Despite all the drama and dysfunction surrounding Yahoo, Wall Street analysts think it’s a stock worth owning.
In fact, only 1 out of the 23 analysts who have rated Yahoo in the last 3 months have a “sell” rating, with the rest recommending either a “buy” (12) or “hold” (10), according to analyst tracking app TipRanks.
On average, they’re expecting Yahoo stock to reach $37.62 in the next 12 months, up 8.1% from Wednesday’s closing price.
The positive ratings around Yahoo’s stock show how analysts believe the street is undervaluing Yahoo’s core business and the value that could be unlocked if Yahoo spins out the core or sells itself to another company.

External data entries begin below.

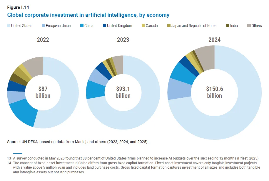 AI驱动的局部热点:在人工智能领域,投资异常强劲,主要集中在美国等少数发达经济体的大型科技公司。这虽然是个亮点,但加剧了资本分配的不均衡。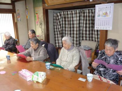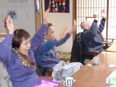 ぼけたらあかんの唱和、合唱、歌謡体操を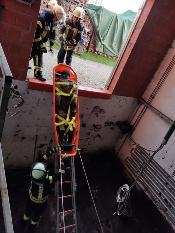 Beim Übungsdienst der Feuerwehr Bleckede steht die Rettung aus Höhen und Tiefen auf dem Dienstplan.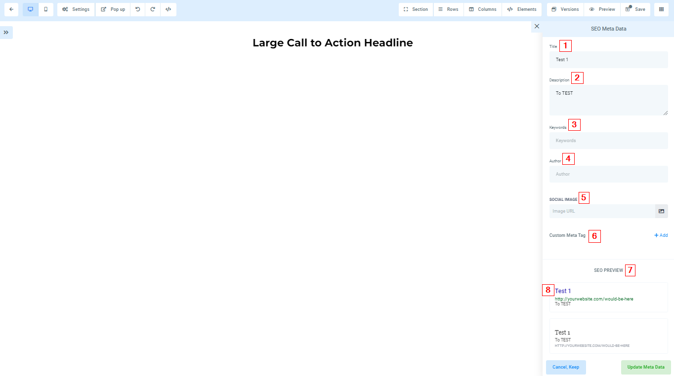 Custom Meta TagYou can customize Meta tags for your page by clicking on the “+All” button, and inputting the tag’s name and content.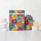 This vibrant floral wrapping paper features a playful and whimsical design with densely packed, colorful flowers in shades of magenta, orange, teal blue, pink, white, and mustard yellow. The seamless pattern creates a continuous flow, perfect for adding a cheerful touch to any gift. Rendered in a modern, flat vector style, the bold colors and simple forms evoke feelings of warmth and positivity, making it ideal for celebrations or special occasions.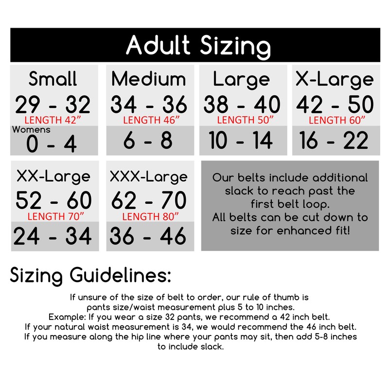 - Size chart can be found in the listing images. Total belt length is in "Red Font"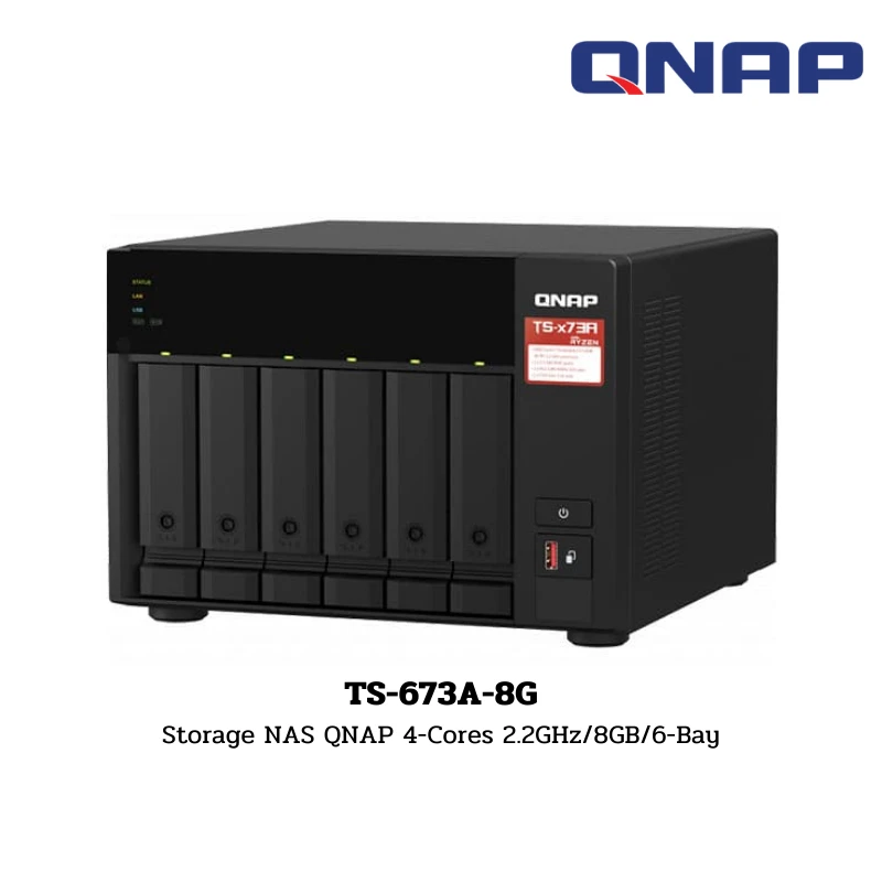 QNAP TS-673A-8G เป็นอุปกรณ์ Storage NAS แบบ Desktop ที่ออกแบบมาสำหรับองค์กรหรือธุรกิจที่ต้องการระบบจัดเก็บข้อมูลที่มีประสิทธิภาพสูง รองรับการทำงานด้าน File Server, Backup, Virtualization และระบบจัดเก็บข้อมูลขนาดใหญ่ มาพร้อมหน่วยประมวลผล AMD Ryzen Embedded V1500B แบบ 4 Core / 8 Thread ความเร็ว 2.2GHz และหน่วยความจำ 8GB DDR4 ที่สามารถอัปเกรดได้สูงสุดถึง 64GB พร้อมรองรับ ECC Memory เพื่อเพิ่มความเสถียรของระบบ รองรับการติดตั้งฮาร์ดดิสก์สูงสุด 6 Bay และรองรับการเพิ่มการ์ดเครือข่าย 10GbE ผ่าน PCIe Expansion เหมาะสำหรับองค์กรที่ต้องการระบบจัดเก็บข้อมูลที่สามารถขยายได้ในอนาคต
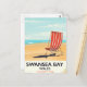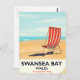 Poster costero de Swansea Bay Wales en un estilo vintage con una tumbona de rayas vintage en la playa de arena durante las vacaciones de verano.

“When you take out Yahoo stakes in Alibaba, Yahoo Japan, and the cash, investors are getting the core [business] for free,” SunTrust analyst Robert Peck told Business Insider.
That doesn’t mean anyone expects Yahoo’s troubled core business, which has suffered from several years of stagnant revenue growth, to rebound anytime soon. But with activist investors and bankers circling Yahoo, a turnaround in the core business might not be necessary for the asset to become more valuable.
Yahoo’s core internet business, which includes its search and email services, currently draws nearly zero value from the public market. Yahoo’s ownership in Alibaba and Yahoo Japan, and the $6.8 billion it holds in cash alone outstrips the roughly $33 billion market cap given to the company.
If the core business is spun out, the current Yahoo will turn into a holding company whose biggest value will come from its 15% ownership stake in Alibaba, currently worth $192 billion.
“Current share prices seem to imply zero value for the core, which we view as unfair given Verizon’s $4.4 billion acquisition of AOL last year,” Piper Jaffray analyst Gene Munster wrote in a note last month, referring to the deal size for AOL, a company that had less revenue than Yahoo. “Despite the negative environment around the company itself, we continue to believe shares have limited downside outside of a significant devaluation in Alibaba.”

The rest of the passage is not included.